Using the data below, set down every line from the one containing "New villa in" through the one containing "セレンの露出計が内蔵されてい", inclusive and unchanged. Pictures are to be skipped.

WORKING DATA:
______

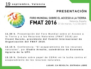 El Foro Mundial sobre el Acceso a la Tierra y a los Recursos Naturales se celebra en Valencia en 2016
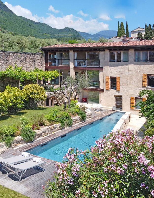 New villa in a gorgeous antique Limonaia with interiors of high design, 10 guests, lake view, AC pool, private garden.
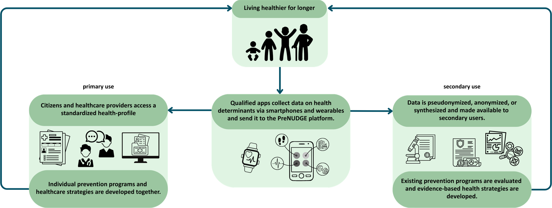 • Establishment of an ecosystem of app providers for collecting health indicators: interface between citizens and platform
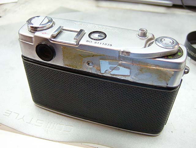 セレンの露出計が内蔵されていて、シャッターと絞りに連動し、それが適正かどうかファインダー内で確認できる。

______

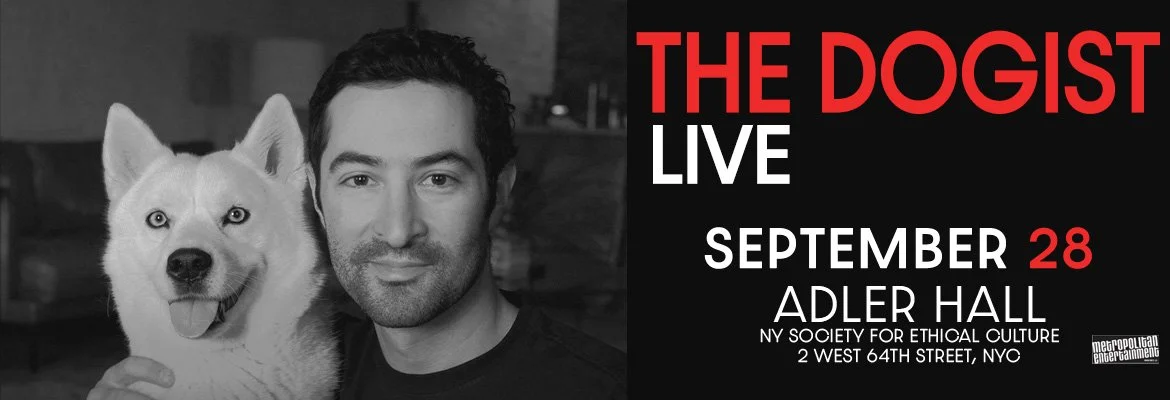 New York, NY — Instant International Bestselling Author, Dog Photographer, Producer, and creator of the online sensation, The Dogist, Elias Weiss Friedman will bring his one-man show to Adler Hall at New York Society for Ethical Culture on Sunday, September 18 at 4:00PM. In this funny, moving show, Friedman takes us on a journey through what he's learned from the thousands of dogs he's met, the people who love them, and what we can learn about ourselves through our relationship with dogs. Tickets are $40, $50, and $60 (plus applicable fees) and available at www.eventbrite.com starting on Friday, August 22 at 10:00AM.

______

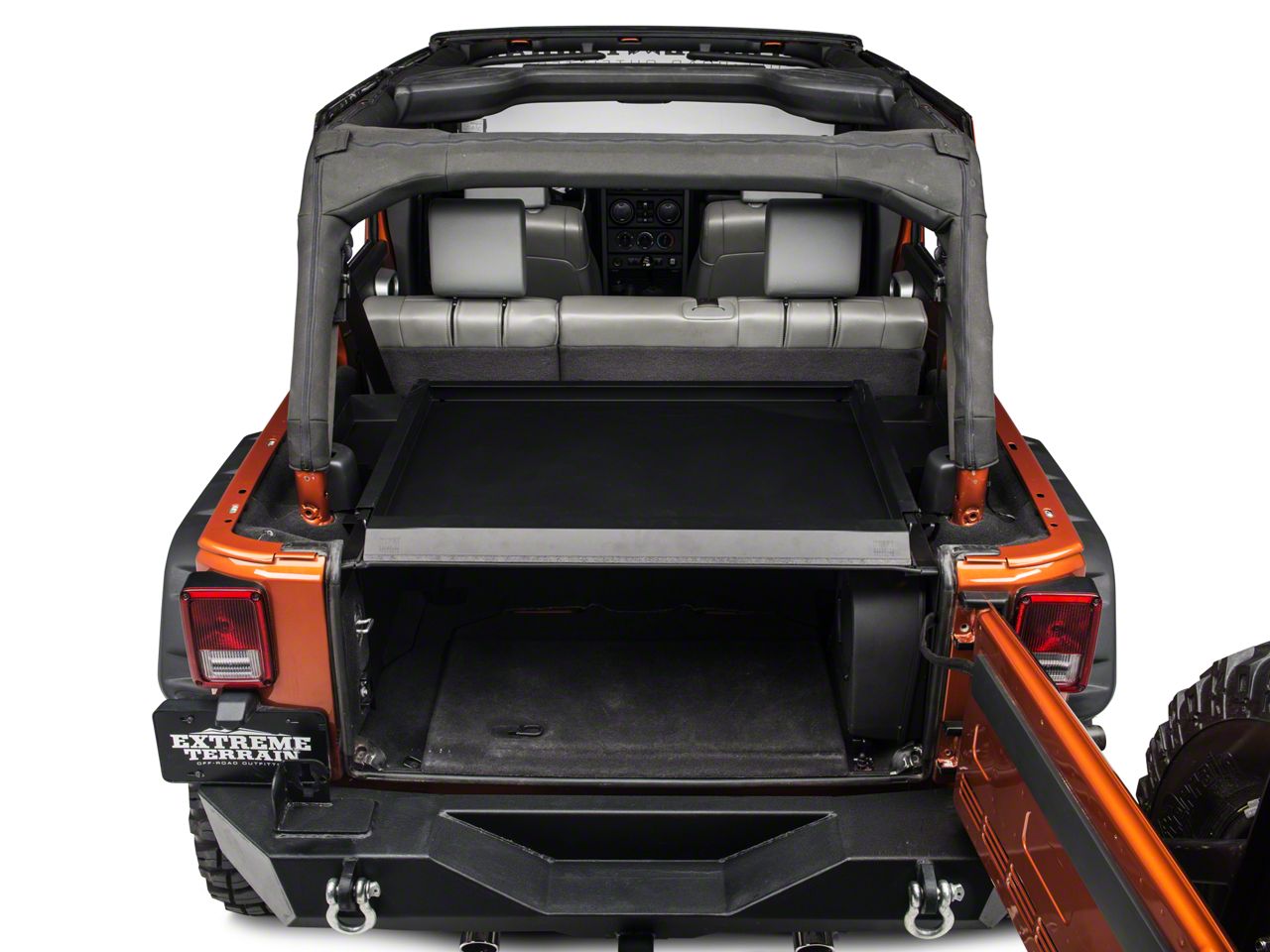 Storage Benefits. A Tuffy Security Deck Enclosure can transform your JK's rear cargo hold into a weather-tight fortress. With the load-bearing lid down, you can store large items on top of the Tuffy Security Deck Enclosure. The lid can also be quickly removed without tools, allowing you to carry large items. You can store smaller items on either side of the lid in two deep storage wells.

______

TASK SOLUTION:
 New villa in a gorgeous antique Limonaia with interiors of high design, 10 guests, lake view, AC pool, private garden.
 • Establishment of an ecosystem of app providers for collecting health indicators: interface between citizens and platform
 セレンの露出計が内蔵されていて、シャッターと絞りに連動し、それが適正かどうかファインダー内で確認できる。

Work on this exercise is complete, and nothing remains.